◆ Items from a dataset:
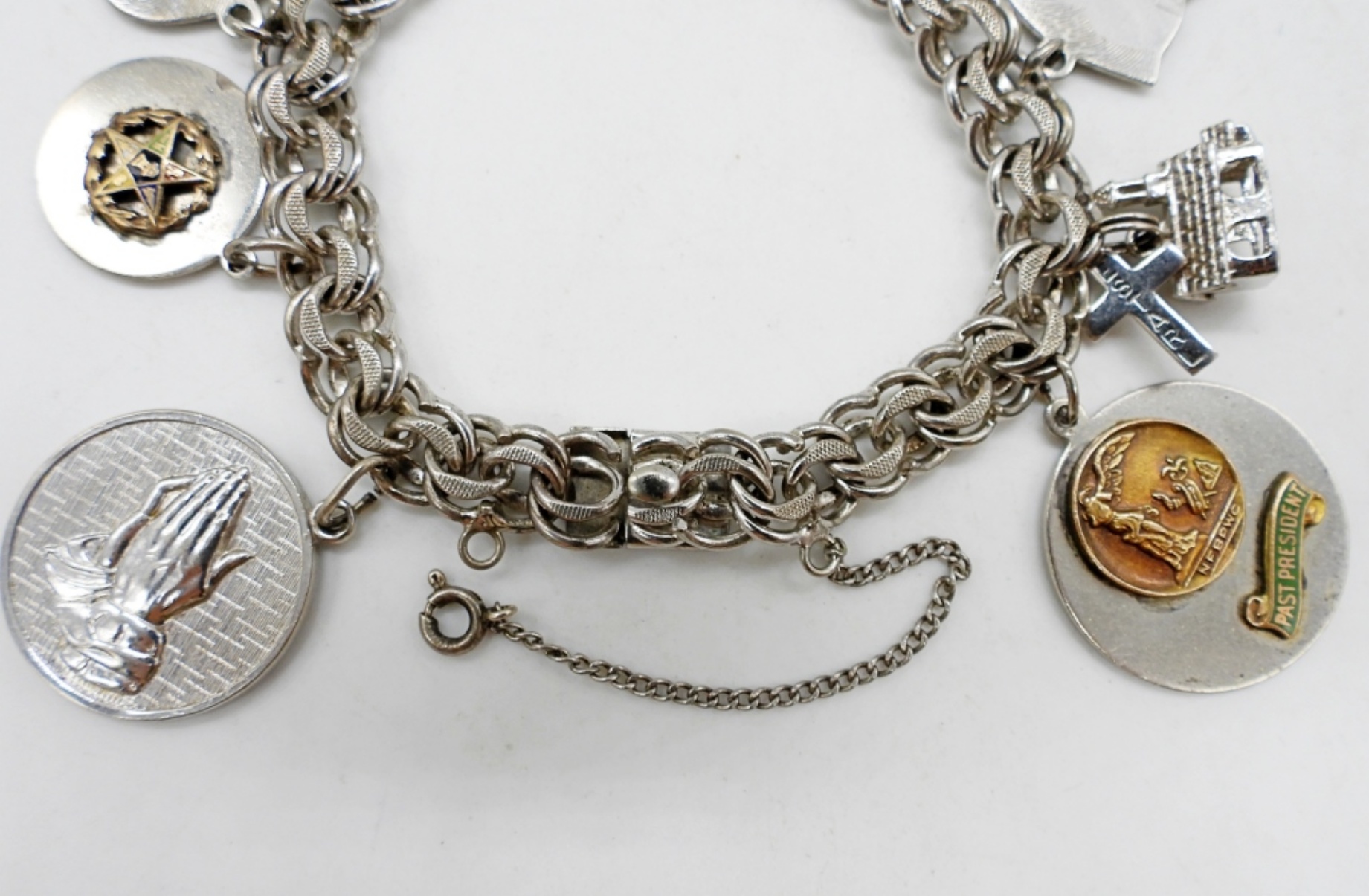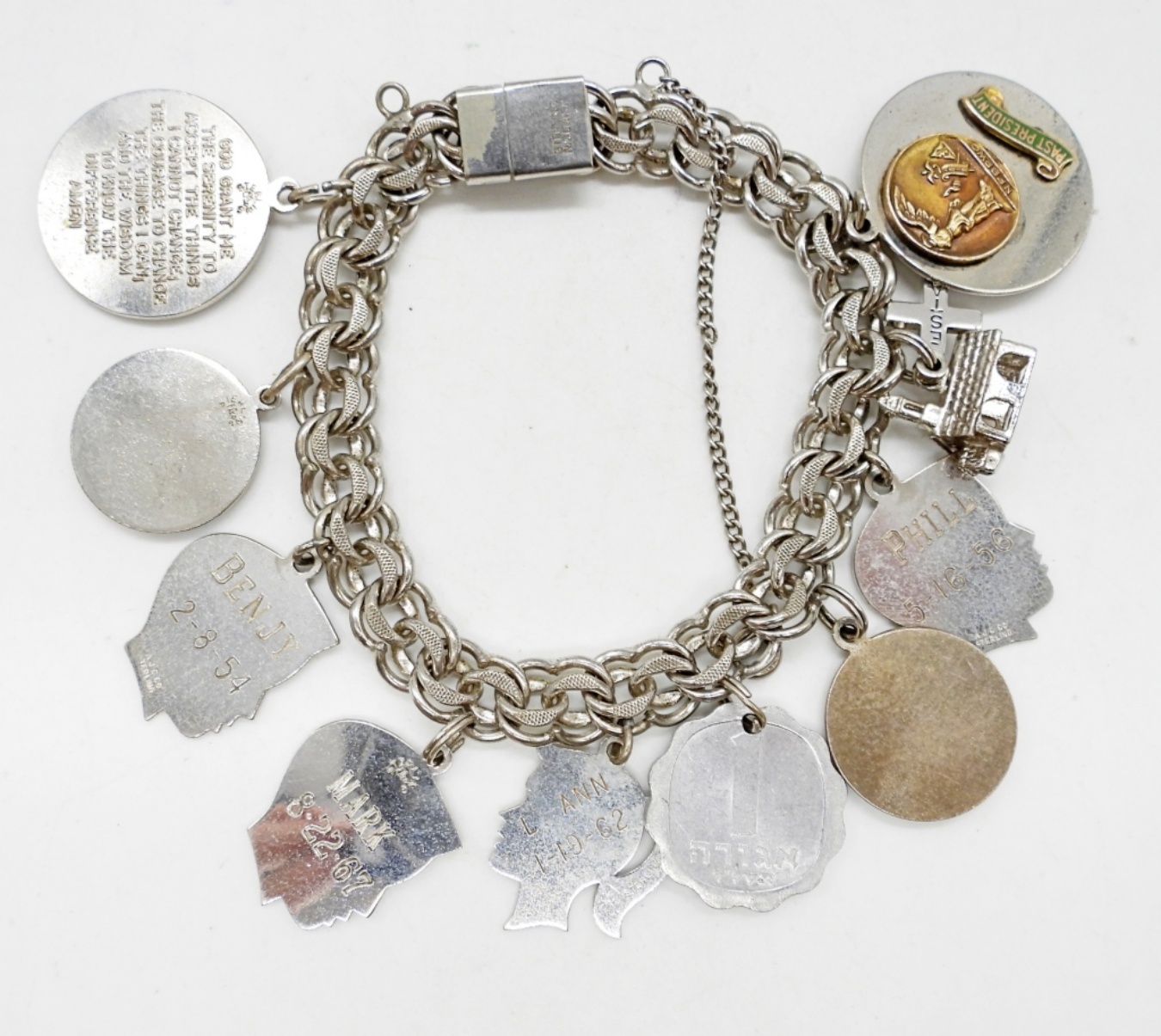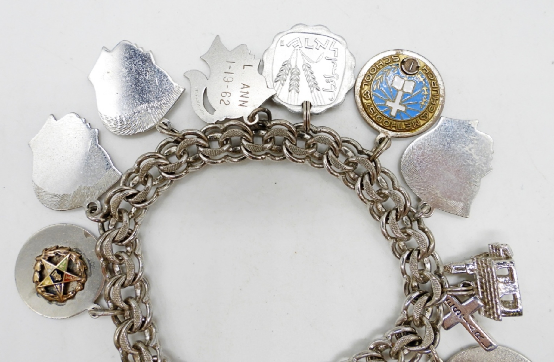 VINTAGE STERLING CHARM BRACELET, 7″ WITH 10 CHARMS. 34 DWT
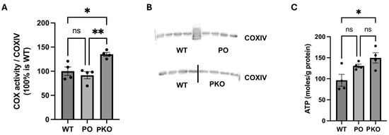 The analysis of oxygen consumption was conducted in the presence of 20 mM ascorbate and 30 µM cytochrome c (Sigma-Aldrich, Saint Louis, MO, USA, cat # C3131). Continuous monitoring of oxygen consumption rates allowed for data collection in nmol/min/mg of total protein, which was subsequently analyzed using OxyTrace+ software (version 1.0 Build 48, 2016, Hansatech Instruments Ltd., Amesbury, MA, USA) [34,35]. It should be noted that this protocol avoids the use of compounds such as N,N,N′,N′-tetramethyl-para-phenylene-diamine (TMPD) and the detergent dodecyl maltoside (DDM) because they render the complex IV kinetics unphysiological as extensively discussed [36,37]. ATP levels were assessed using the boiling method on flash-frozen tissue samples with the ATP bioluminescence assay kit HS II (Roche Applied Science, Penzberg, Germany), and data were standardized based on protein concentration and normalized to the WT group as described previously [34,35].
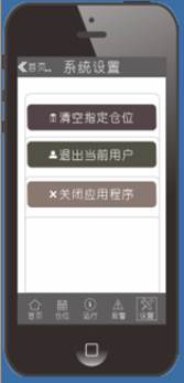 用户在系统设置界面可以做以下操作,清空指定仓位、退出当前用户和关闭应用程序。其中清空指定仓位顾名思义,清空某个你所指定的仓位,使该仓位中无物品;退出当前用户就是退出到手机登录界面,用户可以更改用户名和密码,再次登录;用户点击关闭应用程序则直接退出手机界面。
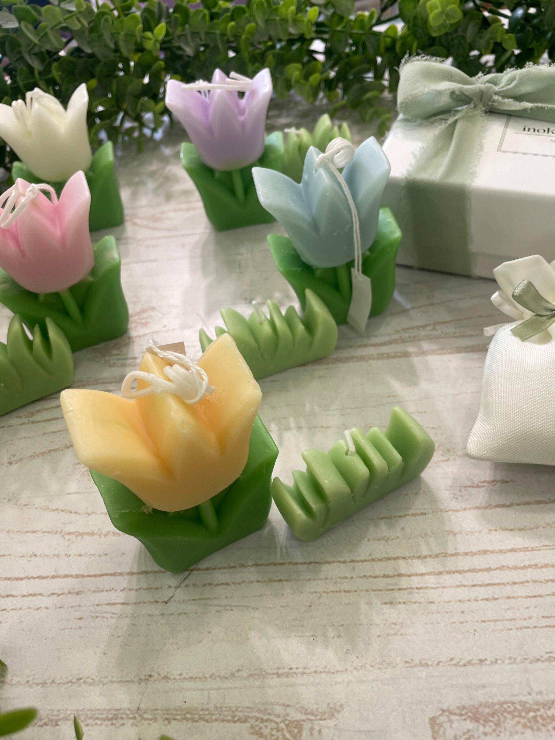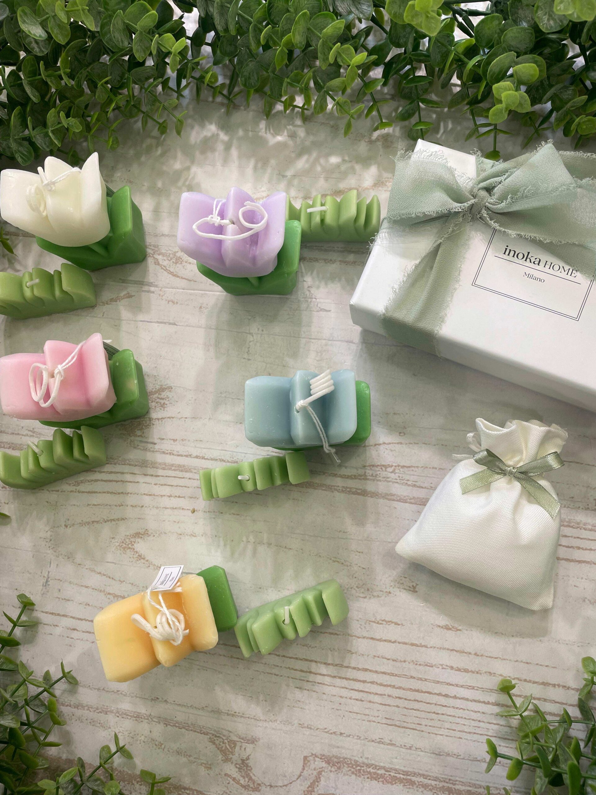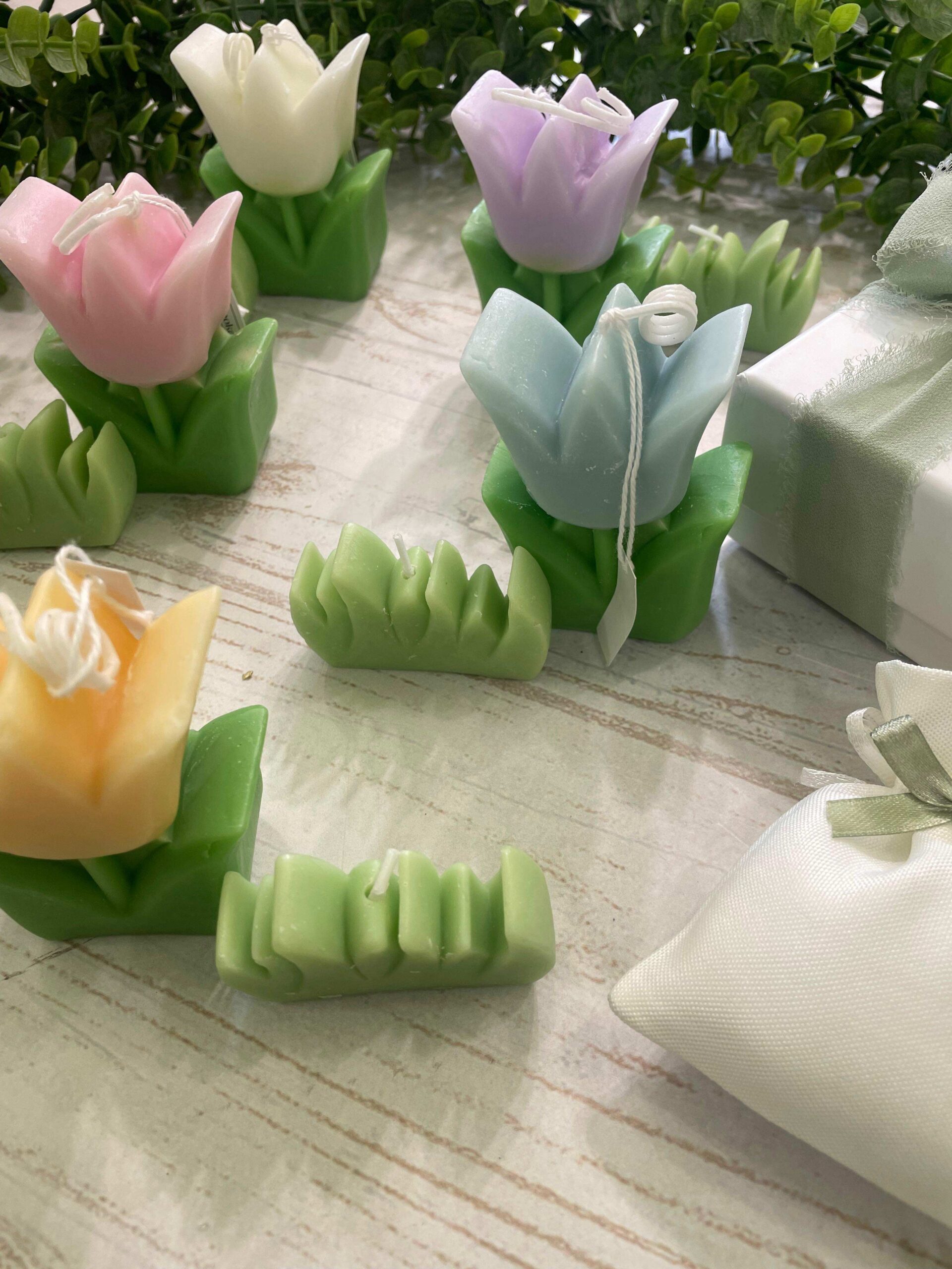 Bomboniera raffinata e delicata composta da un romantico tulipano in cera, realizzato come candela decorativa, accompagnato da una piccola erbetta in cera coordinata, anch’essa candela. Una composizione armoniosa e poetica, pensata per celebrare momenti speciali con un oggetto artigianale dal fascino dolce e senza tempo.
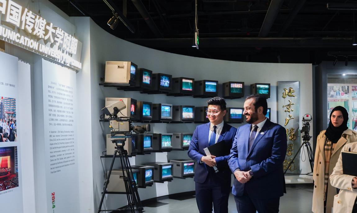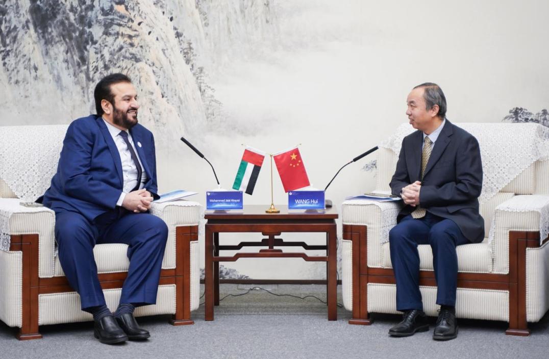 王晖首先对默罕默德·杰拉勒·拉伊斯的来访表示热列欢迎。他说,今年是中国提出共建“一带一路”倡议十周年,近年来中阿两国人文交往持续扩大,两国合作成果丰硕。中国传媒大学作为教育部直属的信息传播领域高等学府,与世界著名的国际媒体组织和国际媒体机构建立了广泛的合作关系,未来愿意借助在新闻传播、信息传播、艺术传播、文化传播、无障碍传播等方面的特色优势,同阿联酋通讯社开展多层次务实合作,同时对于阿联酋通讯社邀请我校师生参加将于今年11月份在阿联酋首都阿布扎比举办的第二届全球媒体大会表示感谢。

◆ Task goal: The line containing "用户在系统设置界面可以做以下" and every line after it, through the end of the records, are what you should retype exactly. Do not include the pictures.

◆ Task response:
 用户在系统设置界面可以做以下操作,清空指定仓位、退出当前用户和关闭应用程序。其中清空指定仓位顾名思义,清空某个你所指定的仓位,使该仓位中无物品;退出当前用户就是退出到手机登录界面,用户可以更改用户名和密码,再次登录;用户点击关闭应用程序则直接退出手机界面。
 Bomboniera raffinata e delicata composta da un romantico tulipano in cera, realizzato come candela decorativa, accompagnato da una piccola erbetta in cera coordinata, anch’essa candela. Una composizione armoniosa e poetica, pensata per celebrare momenti speciali con un oggetto artigianale dal fascino dolce e senza tempo.
 王晖首先对默罕默德·杰拉勒·拉伊斯的来访表示热列欢迎。他说,今年是中国提出共建“一带一路”倡议十周年,近年来中阿两国人文交往持续扩大,两国合作成果丰硕。中国传媒大学作为教育部直属的信息传播领域高等学府,与世界著名的国际媒体组织和国际媒体机构建立了广泛的合作关系,未来愿意借助在新闻传播、信息传播、艺术传播、文化传播、无障碍传播等方面的特色优势,同阿联酋通讯社开展多层次务实合作,同时对于阿联酋通讯社邀请我校师生参加将于今年11月份在阿联酋首都阿布扎比举办的第二届全球媒体大会表示感谢。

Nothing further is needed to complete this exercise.